Alguns deveriam pensar melhor sobre a experiência social de “elaborar o passado” como condição para preservação do presente.
- Não existe “superação” onde acordos são extorquidos e silenciamentos são impostos.
- A prova é que, até segunda ordem, a Argentina nunca mais passou por nenhuma espécie de ameaça à ordem institucional.
Nós, ao contrário, enfrentamos tais ataques quase todos os dias dos últimos quatro anos.
- Nada do que aconteceu conosco nos últimos anos teria ocorrido
- se houvéssemos instaurado uma efetiva justiça de transição,
- capaz de impedir que integrantes de governos autoritários se auto-anistiassem.
Pois dessa forma acabou-se por permitir discursos e práticas de um país que “ficou preso no passado”.
Ocultar cadáveres, por exemplo, não foi algo que os militares fizeram apenas na ditadura.
Eles fizeram isso agora, quando gerenciavam o combate à pandemia,
- escondendo números,
- negando informações,
- impondo a indiferença às mortes como afeto social,
- impedindo o luto coletivo.
É importante que tudo isso seja lembrado neste momento. Porque conhecemos a tendência brasileira ao esquecimento.
- Este foi um país feito por séculos de crimes sem imagens, de mortes sem lágrimas, de apagamento.
- Essa é sua tendência natural, seja qual for o governante e seu discurso.
- As forças seculares do apagamento são como espectros que rondam os vivos.
Moldam não apenas o corpo social, mas a vida psíquica dos sujeitos.
Cometer novamente o erro do esquecimento, repetir a covardia política que instaurou a Nova República e selou seu fim, seria a maneira mais segura de fragilizar o novo governo.
Não há porque deleitar-se no pensamento mágico de que tudo o que vimos foi um “pesadelo” que passará mais rapidamente quanto menos falarmos dele.
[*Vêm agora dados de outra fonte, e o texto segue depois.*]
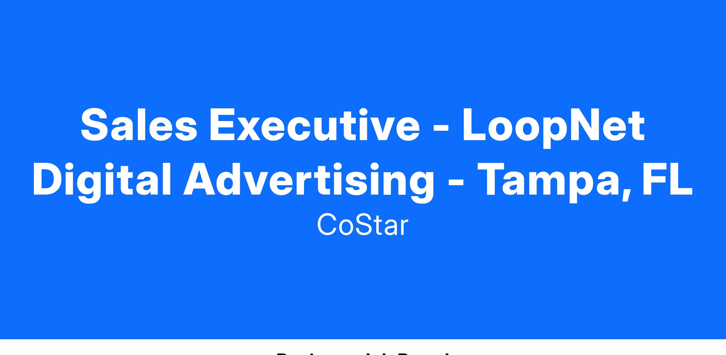 As a Sales Executive with LoopNet you will be part of a growth-oriented, innovative company and represent the industry’s most sophisticated digital advertising and marketing solutions. You will partner with the world’s top owners and brokers to develop a comprehensive digital marketing strategy to showcase and differentiate their portfolio of properties online. Key to your success will be your ability to build long-lasting, service-focused, customer relationships. You will achieve this in part by advising on product frequency, reach and brand efficacy and highlighting return on investment using our proprietary analytic tools and reporting capabilities. Day to day, you will leverage CoStar Group’s deep knowledge and expertise in the Commercial Real Estate industry to build your client portfolio by prospecting, studying industry trends and news, and conducting effective product demonstrations.

O que vimos, com toda sua violência, foi o resultado direto das políticas de esquecimento no Brasil. Foi resultado direto de nossa anistia.
A sociedade civil precisa exigir do governo que se inicia a responsabilização pelos crimes cometidos por Bolsonaro e seus gerentes.
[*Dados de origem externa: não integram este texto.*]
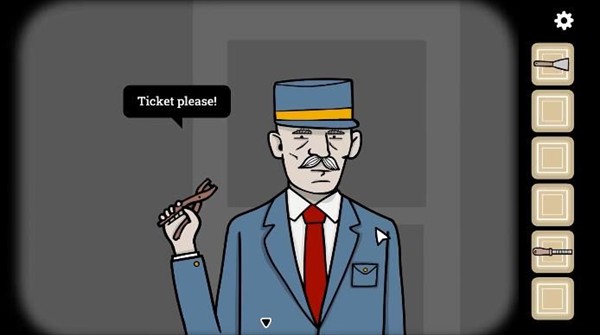 1、点击列车员,会提示我们需要车票。点击列车员右边的口袋,可以获得一枚硬币

Isso só poderá ser feito nos primeiros meses do novo governo, quando há ainda força para tanto.
Quando falamos em crimes,
- falamos tanto da responsabilidade direta pela gestão da pandemia,
- quanto pelos crimes cometidos no processo eleitoral.
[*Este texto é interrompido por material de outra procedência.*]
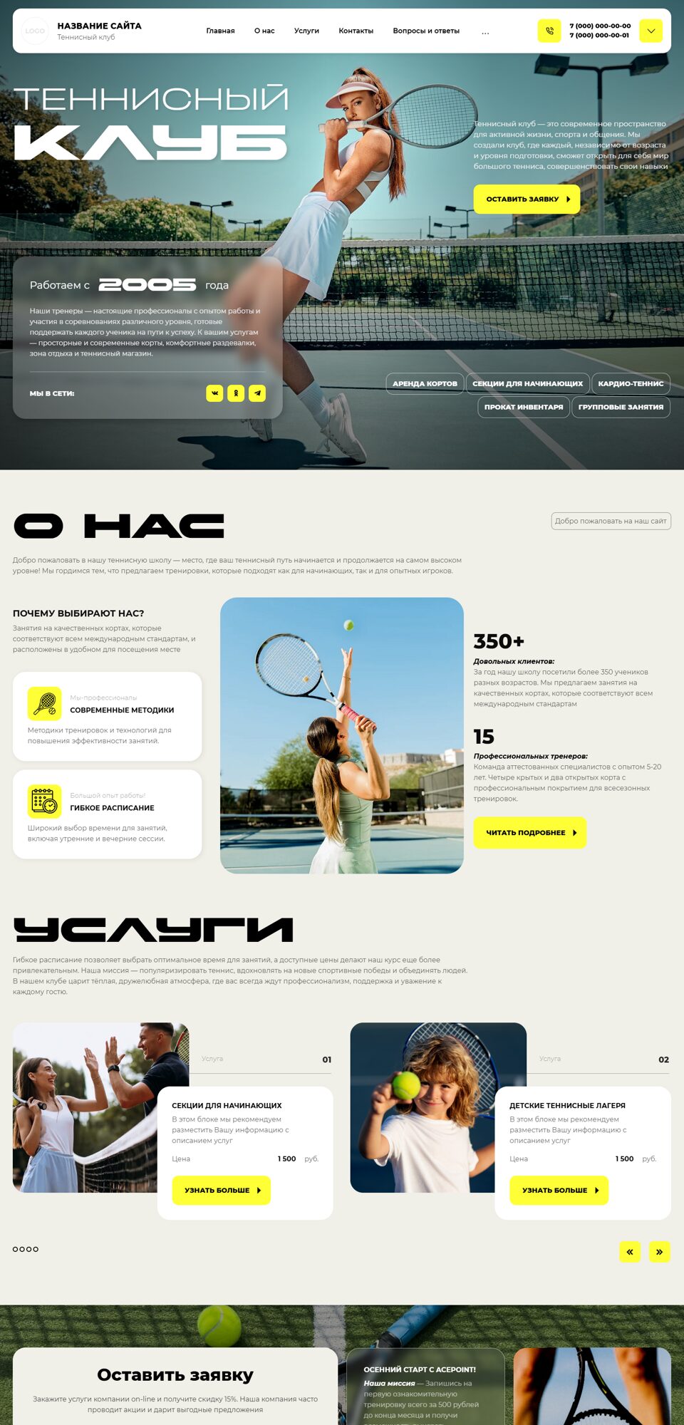 Готовый сайт 'Теннисный клуб, корт' № 68021

O Tribunal Penal Internacional aceitou analisar a abertura de processo contra Bolsonaro por genocídio indígena na gestão da pandemia.
- Há farto material levantado pela CPI da Covid, demonstrando os crimes de responsabilidade do governo
- que redundaram em um país com 3% da população mundial contaminada e 15% das mortes na pandemia.
Punir os responsáveis não tem nada a ver com vingança, mas com respeito à população. Essa é a única maneira de fornecer ao estado nacional balizas para ações futuras relacionadas a crises sanitárias similares, que certamente ocorrerão.
Por outro lado, o Brasil conheceu duas formas de crimes eleitorais.
- Primeiro, o crime mais explícito, como o uso do aparato policial para impedir eleitores de votar, para dar suporte a manifestações golpistas pós-eleições. A polícia brasileira é hoje um partido político.
- Segundo, o pior de todos os crimes contra a democracia: a chantagem contínua das Forças Armadas contra a população.
- Forças que hoje atuam como um estado dentro do estado, um poder à parte.
Espera-se do governo duas atitudes enérgicas:
- que coloque na reserva o alto comando das Forças Armadas que chantageou a República;
- e que responsabilize os policiais que atentaram contra eleitores brasileiros, modificando a estrutura arcaica e militar da força policial.
Se isso não for feito, veremos as cenas que nos assombraram se repetirem por tempo indefinido.
Não há nada parecido a uma democracia sem uma renovação total do comando das Forças Armadas e sem o combate à polícia como partido político.
A polícia pode agir dessa forma porque sempre atuou
- como uma força exterior,
- como uma força militar a submeter a sociedade.
Se errarmos mais uma vez e não compreendermos o caráter urgente e decisivo de tais ações,
- continuaremos a história terrível de um país fundado no esquecimento
- e que preserva de forma compulsiva os núcleos autoritários de quem comanda a violência do Estado.
Mobilizar a sociedade para a memória coletiva e suas exigências de justiça sempre foi e continua sendo a única forma de efetivamente construir um país.